**Your objective:**
Without the images, write out the whole listing exactly.

**Collected data:**
----

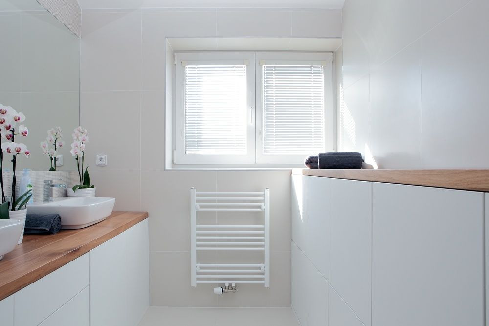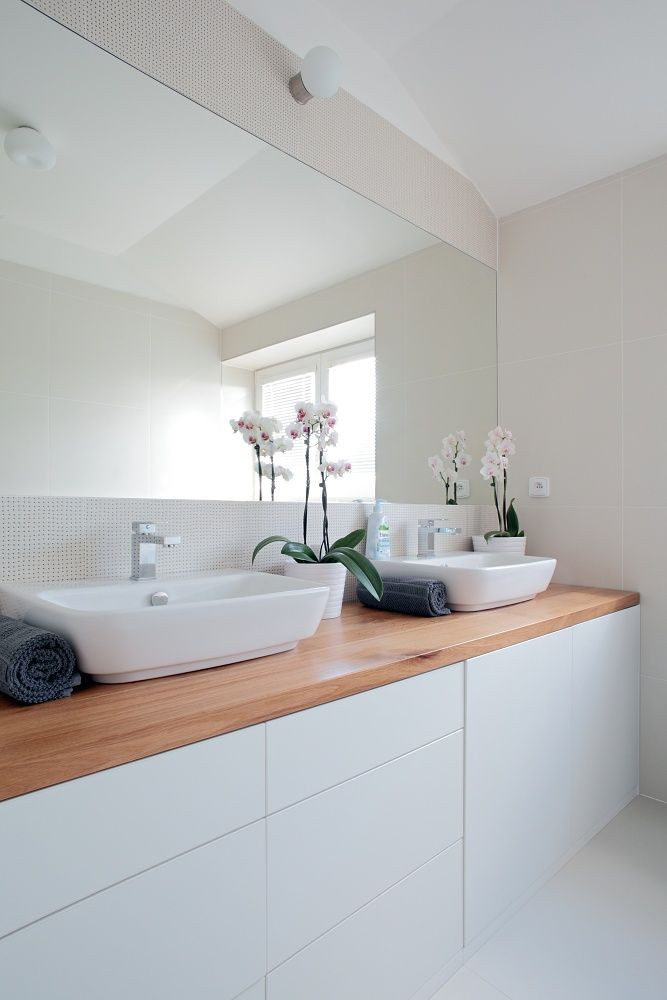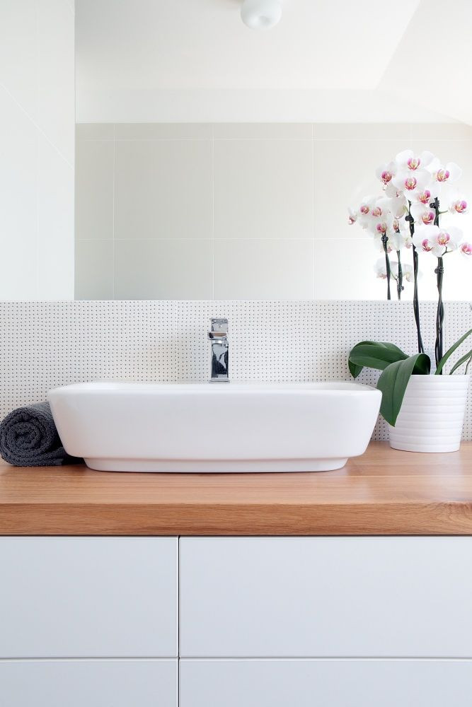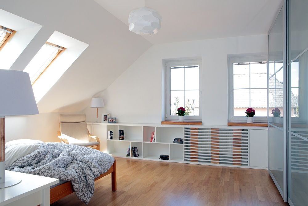 Prosvětlila se také ložnice, kde převládá neutrální bílá barva. Truhlář zde vyrobil atypickou knihovnu pod parapety, která přechází v kryt topení, opět v kombinaci bílých latí a dýhovaných hranolků. Podobnou proměnou prošla i koupelna, kde jednotící bílou barvu oživují obklady s drobným dekorem modrých teček.
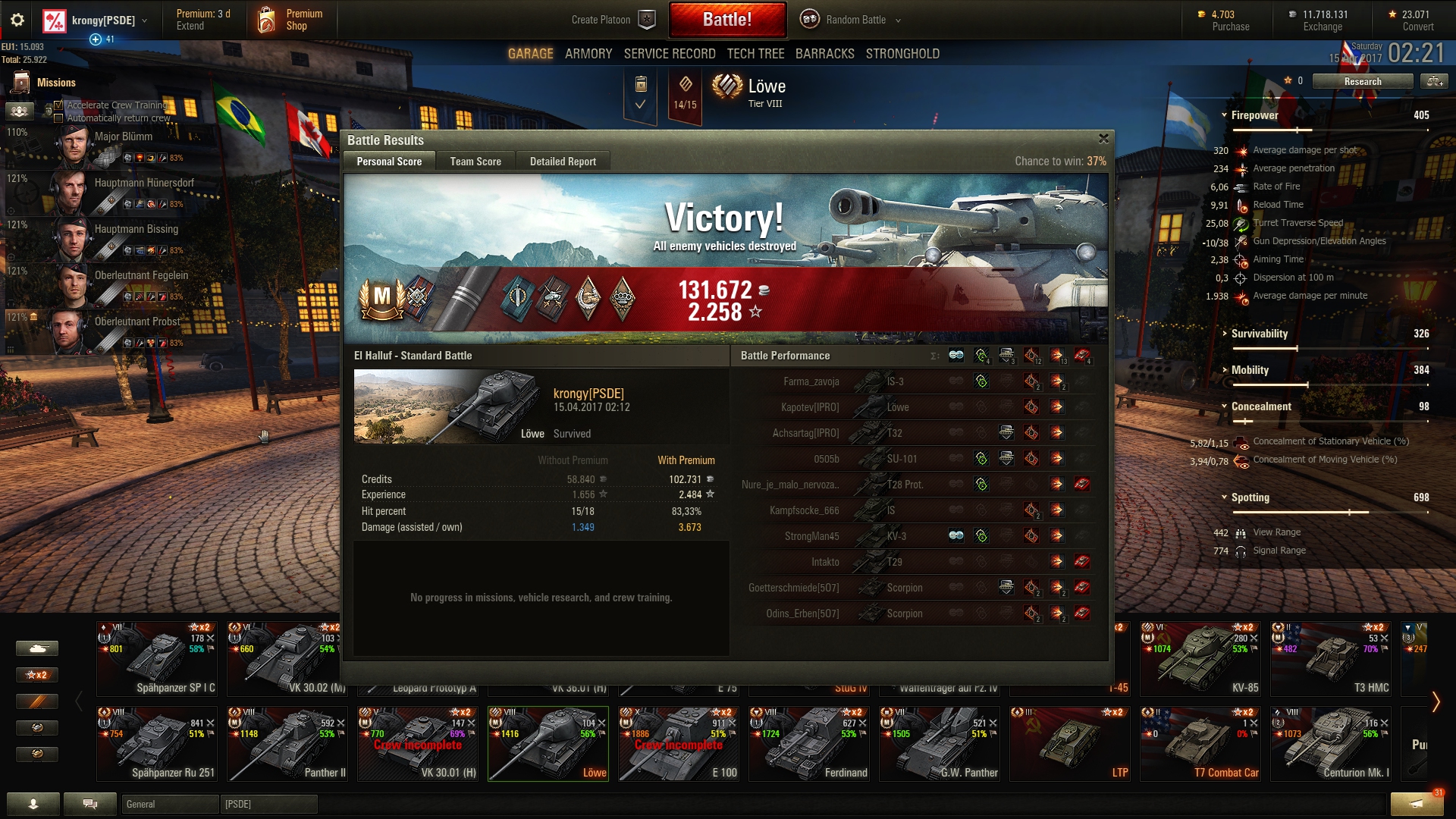 Bei dem Code ist auch der Löwe dabei. Aber der lohnt sich derzeit nicht. Denn der Ultimativ ist eh reduziert. Kostet 4€ mehr, aber dafür mit 2500 Gold anstatt nur 7 Tage Premium.Wer sich für den Mutz oder den Jagdtiger 88 interessiert, sollte sich diese Seite mal angucken: http://wg-news.com/code-fuer-den-wor...-premiumladen/
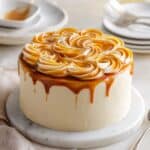 Keywords: salted caramel cake, caramel buttercream, vanilla cake, layered cake, homemade caramel, dessert

----

**Task result:**
 Prosvětlila se také ložnice, kde převládá neutrální bílá barva. Truhlář zde vyrobil atypickou knihovnu pod parapety, která přechází v kryt topení, opět v kombinaci bílých latí a dýhovaných hranolků. Podobnou proměnou prošla i koupelna, kde jednotící bílou barvu oživují obklady s drobným dekorem modrých teček.
 Bei dem Code ist auch der Löwe dabei. Aber der lohnt sich derzeit nicht. Denn der Ultimativ ist eh reduziert. Kostet 4€ mehr, aber dafür mit 2500 Gold anstatt nur 7 Tage Premium.Wer sich für den Mutz oder den Jagdtiger 88 interessiert, sollte sich diese Seite mal angucken: http://wg-news.com/code-fuer-den-wor...-premiumladen/
 Keywords: salted caramel cake, caramel buttercream, vanilla cake, layered cake, homemade caramel, dessert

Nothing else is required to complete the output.